EXTRACTED INFORMATION -

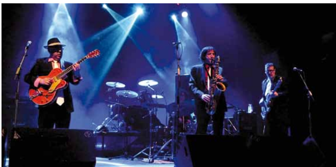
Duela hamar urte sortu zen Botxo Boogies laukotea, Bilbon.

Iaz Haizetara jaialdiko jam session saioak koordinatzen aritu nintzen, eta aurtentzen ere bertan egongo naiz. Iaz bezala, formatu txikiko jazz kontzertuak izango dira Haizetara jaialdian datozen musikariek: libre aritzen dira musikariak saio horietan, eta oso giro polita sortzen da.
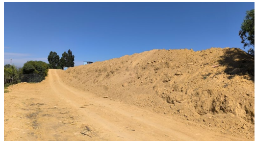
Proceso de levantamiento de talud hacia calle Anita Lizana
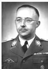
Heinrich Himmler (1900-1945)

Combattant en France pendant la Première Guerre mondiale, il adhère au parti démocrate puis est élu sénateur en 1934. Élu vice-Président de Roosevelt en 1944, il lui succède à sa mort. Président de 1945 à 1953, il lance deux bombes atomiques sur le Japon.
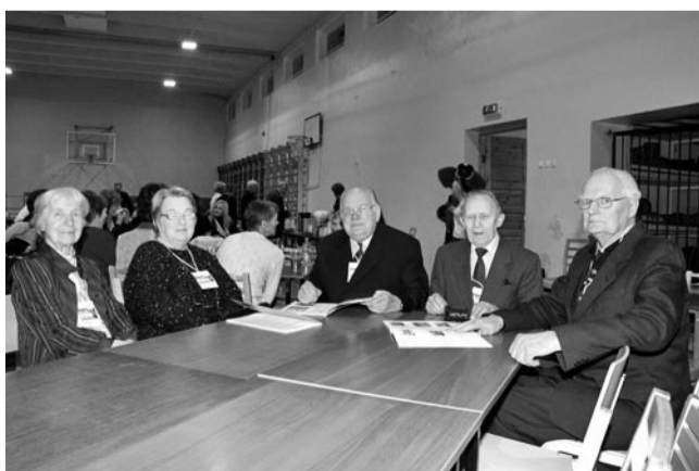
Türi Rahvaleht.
* * *
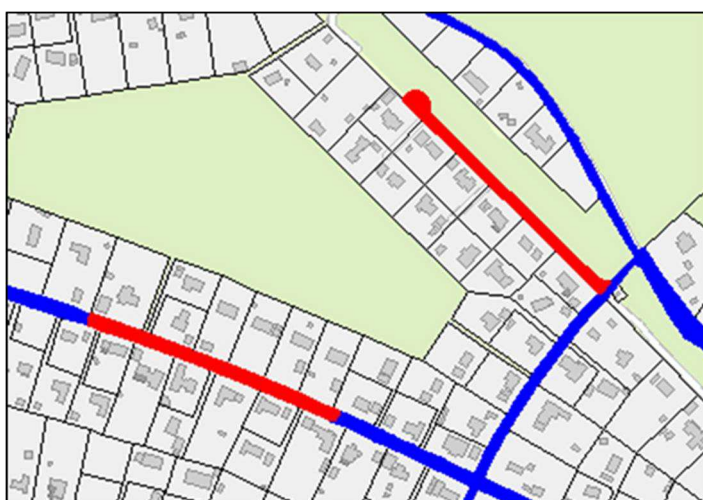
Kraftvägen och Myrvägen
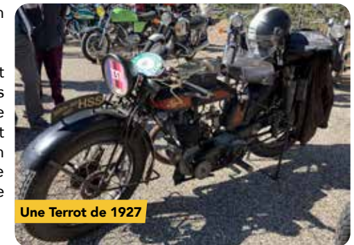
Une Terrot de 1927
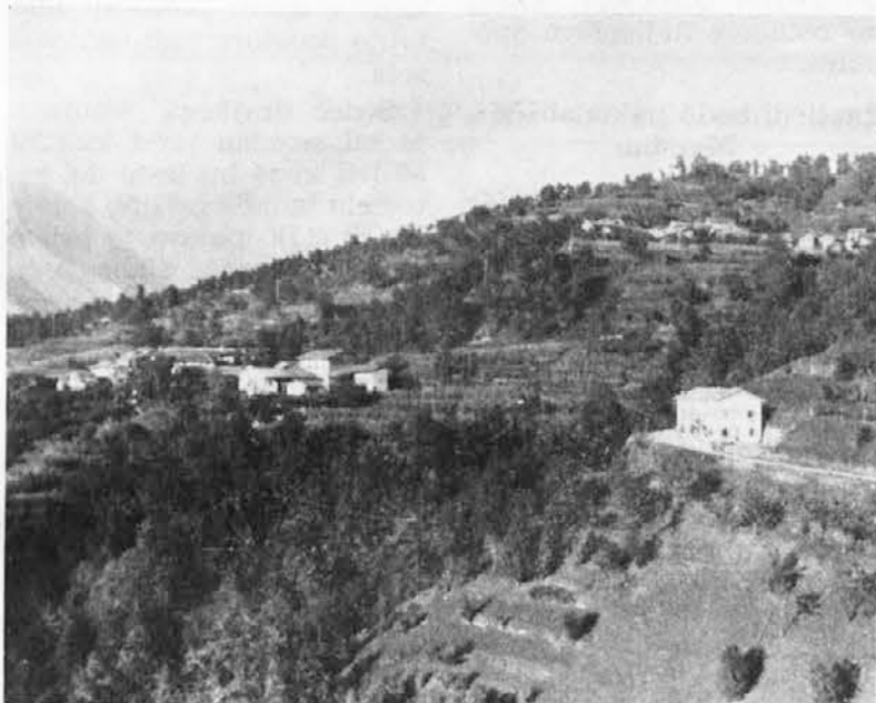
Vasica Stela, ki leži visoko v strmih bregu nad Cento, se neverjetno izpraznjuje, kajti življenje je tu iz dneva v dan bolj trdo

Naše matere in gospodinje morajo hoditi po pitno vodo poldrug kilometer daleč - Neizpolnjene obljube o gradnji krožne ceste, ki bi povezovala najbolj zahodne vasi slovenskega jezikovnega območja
...
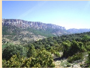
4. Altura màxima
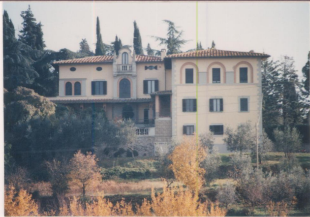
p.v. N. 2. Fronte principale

DESCRIPTION OF THE TASK - Above are the records; copy exactly the lines from the one with "Une Terrot de 1927" through the one with "Naše matere in", including both, and nothing more. Leave out pictures.

EXERCISE RESULT -
Une Terrot de 1927
Vasica Stela, ki leži visoko v strmih bregu nad Cento, se neverjetno izpraznjuje, kajti življenje je tu iz dneva v dan bolj trdo

Naše matere in gospodinje morajo hoditi po pitno vodo poldrug kilometer daleč - Neizpolnjene obljube o gradnji krožne ceste, ki bi povezovala najbolj zahodne vasi slovenskega jezikovnega območja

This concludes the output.